36. A method as in claim 26 wherein the first support structure comprises at least one of largely solid material and porous material.
37. A method as in claim 26 wherein the first support structure consists primarily of at least one of glass, plastic, polymeric material, ceramic, and metal.
38. A method as in claim 26 wherein the port means does not extend significantly further away from the first plate structure than the first support structure after the port means is permanently closed.
39. A method as in claim 26 wherein the first support structure overlies at least 50% of the first plate structure by projected area.
40. A method as in claim 26 wherein the flat-panel device is a flat-panel display that provides a desired image.
41. A method as in claim 40 wherein: one of the plate structures contains multiple electron-emissive elements; and the other plate structure contains multiple light-emissive elements that emit light upon being struck by electrons emitted from the electron-emissive elements.

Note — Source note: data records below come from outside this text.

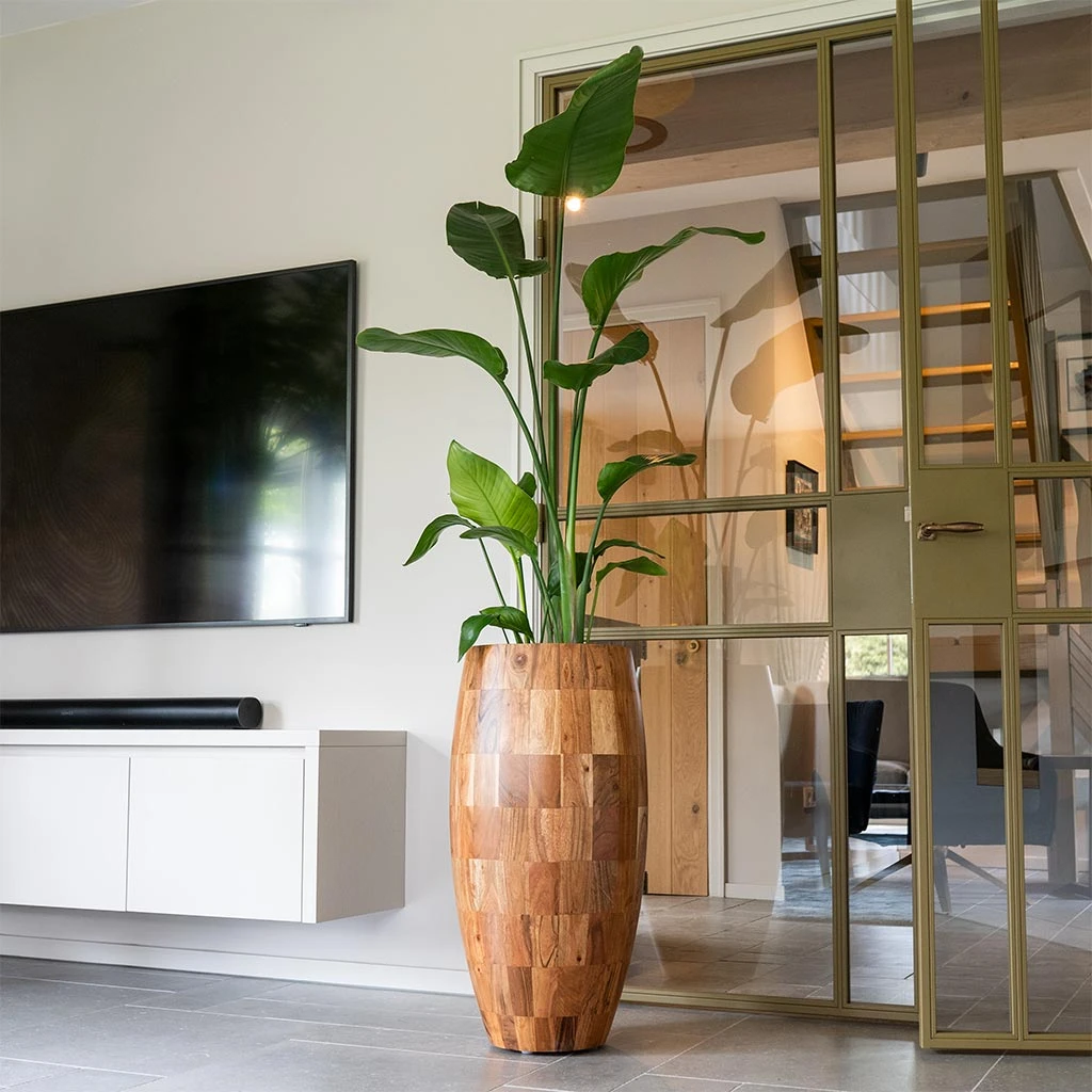 Meticulously handcrafted with precision and a profound respect for the natural world, the sleek tall curvaceous shape of the Quinn Tall planter is crafted from eco-friendly mango wood, offering a harmonious fusion of nature and design for contemporary indoor greenery.
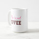 A coffee lovers mug designed with pink, brown, and grey letters making up the phrase: "My Soul is filled with COFFEE".
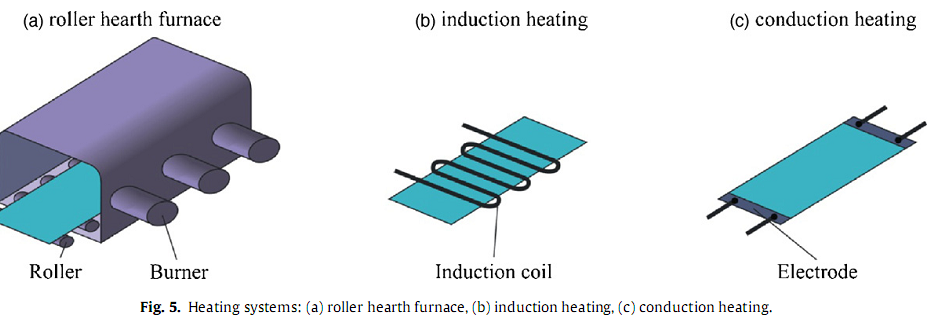 Lechler (2009)的研究中列出了鋼板熱處理工藝對零部件性能,處理時間,熱沖壓成本效率有著深遠(yuǎn)的影響。因此,均勻的坯料溫度和較短的加熱時間是加熱系統(tǒng)的主要要求。鋼板可以通過不同的加熱系統(tǒng):加熱爐,電磁感應(yīng),和熱傳導(dǎo)(圖5)。
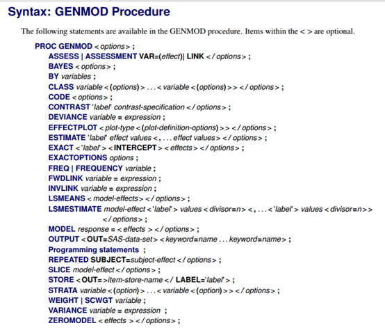PROC GENMOD 的详细使用可参照SAS help 手册。
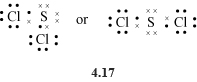 In these Lewis structures, oxygen attains the neon configuration, and sulfur and chlorine the argon configuration. When drawing Lewis structures, shape is unimportant; the important point is to show the correct number of bonds (shared electron pairs) formed by each atom. As either form of structure 4.17 does the job, both are acceptable.
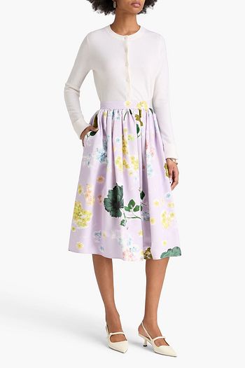 Floral-print cotton-blend faille midi skirt
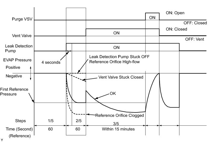 (b) Compare the EVAP pressure in step 3/5 and the second reference pressure standard (step 5/5).
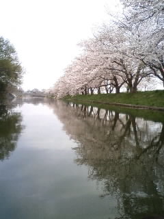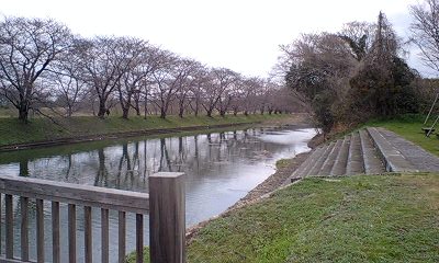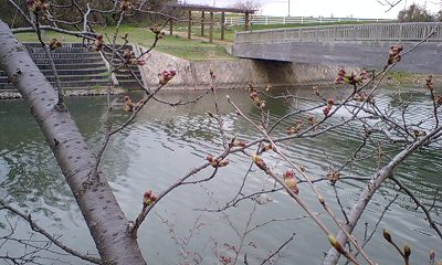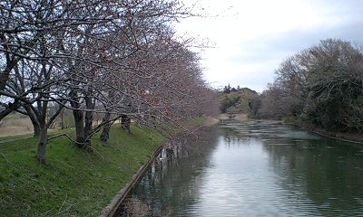 で、福岡堰の桜の様子。
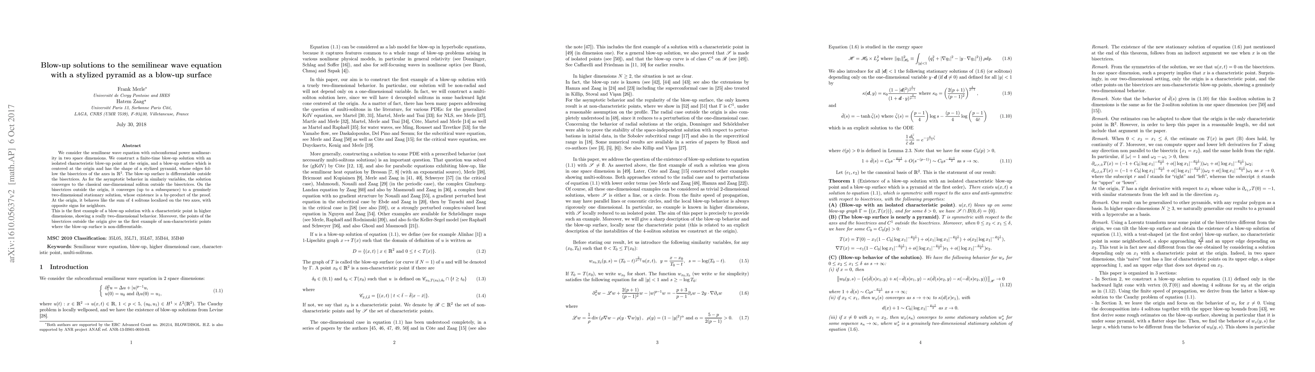 This paper constructs a finite-time blow-up solution for the semilinear wave equation in two dimensions, featuring a pyramidal blow-up surface centered at the origin. The solution exhibits two-dimensional behavior and non-differentiability at non-characteristic points on the bisectrices.
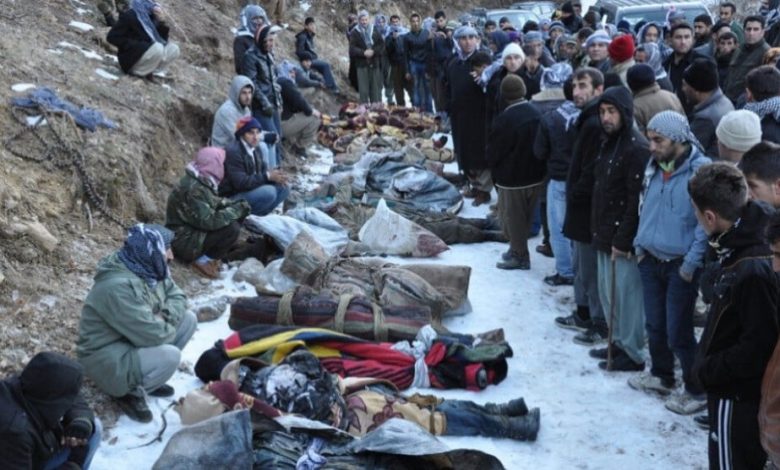 Ev gotinên leşkeran mikurhatina wê komkujiyê bû ku piştî bi çend saetan wê pêk bihata. Gundiyan ev gotin bi bobeleta ku dipan şîrove kiribûn. Ji ber beriya niha jî car caran bazirganiya ser sînor hatibû astengkirin. Lê wê vê carê wiha nebûya, 34 gundî li gel hespên xwe bi rengekî hovane wê bihatana qetilkirin. Dema gundî gihiştin ser sînor û vegeriyan balafirên şer ên artêşa Tirk gelek caran bombe avêtin. Ji 35 kesan tenê Servet Encû sax filîtî. 34 kesên din tevî hespên xwe bi bombeyên bi giraniya bi tonan hatin qetilkirin.
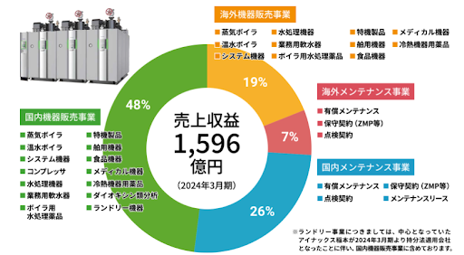 メインでボイラ事業から水処理、食機、メディカル、舶用、環境等へ幅広く事業展開されている点も強みと言えます。
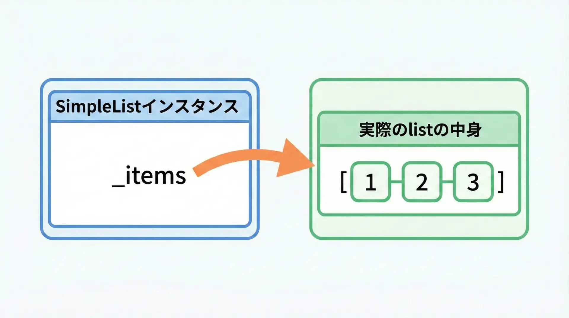この段階では、まだコンテナらしいふるまいはほとんどしませんが、「内部に本物のlistを隠して持つ」という構造だけは明確になりました

42. A method as in claim 40 wherein the desired image is provided on a surface of the first support structure.
43. A method as in claim 26 further including, between the hermetic sealing and attaching steps, the step of removing gas from the compartment through the port means to pump the compartment down to a compartment pressure no greater than 0.1 atm.
44. A method as in claim 43 wherein pressure outside the compartment approximately matches the compartment pressure during the gas-removing step.
45. A method as in claim 43 wherein the gas-removing step is initiated prior to the heating step and is performed during at least part of the heating and cooling steps.
46. A method as in claim 43 further including, between the gas-removing and attaching steps, the step of introducing selected gas into the compartment through the port means.
47. A method as in claim 46 wherein pressure outside the compartment approximately matches the compartment pressure during the gas-introducing step.
48. A method as in claim 47 further including, subsequent to the attaching step, the steps of: heating the compartment to a temperature high enough to cause outgassing from at least one of the plate structures and outer wall to occur into the compartment but sufficiently low that no significant degradation occurs to the first support structure or to any material that attaches the first support structure to the first plate structure; and subsequently cooling the compartment.
49. A method as in claim 48 wherein the compartment reaches a lower maximum temperature during the heating step subsequent to the attaching step than during the heating step prior to the attaching step.
50. A method comprising the following steps for manufacturing a flat-panel device: hermetically sealing (a) a first plate structure along a first surface thereof to an outer wall along a first edge thereof and (b) a second plate structure along a first surface thereof to the outer wall along a second edge thereof opposite the first edge to form a device compartment from the plate structures and outer wall; and subsequently attaching a first support structure to the first plate structure along a second surface thereof opposite the first plate structure's first surface so as to significantly increase resistance of the compartment to bending, the first support structure being provided with at least one cavity internal to the flat-panel device, a getter being provided in at least one such cavity.
51. A flat-panel device comprising: a first plate structure, a second plate structure, and a generally annular outer wall that extends between the plate structures to form a main compartment with the plate structures; a support member that contacts the first plate structure outside the main compartment and contains a plurality of cavities that form corresponding auxiliary compartments with the first plate structure, each auxiliary compartment connected pressure-wise to the main compartment or to at least one other auxiliary compartment such that the main and auxiliary compartments reach largely equal steady-state compartment pressures; and a plurality of getters, each situated in a different one of the auxiliary compartments.
52. A device as in claim 51 wherein: the first plate structure contains multiple electron-emissive elements; and the second plate structure contains multiple light-emissive elements that emit light upon being struck by electrons emitted from the electron-emissive elements.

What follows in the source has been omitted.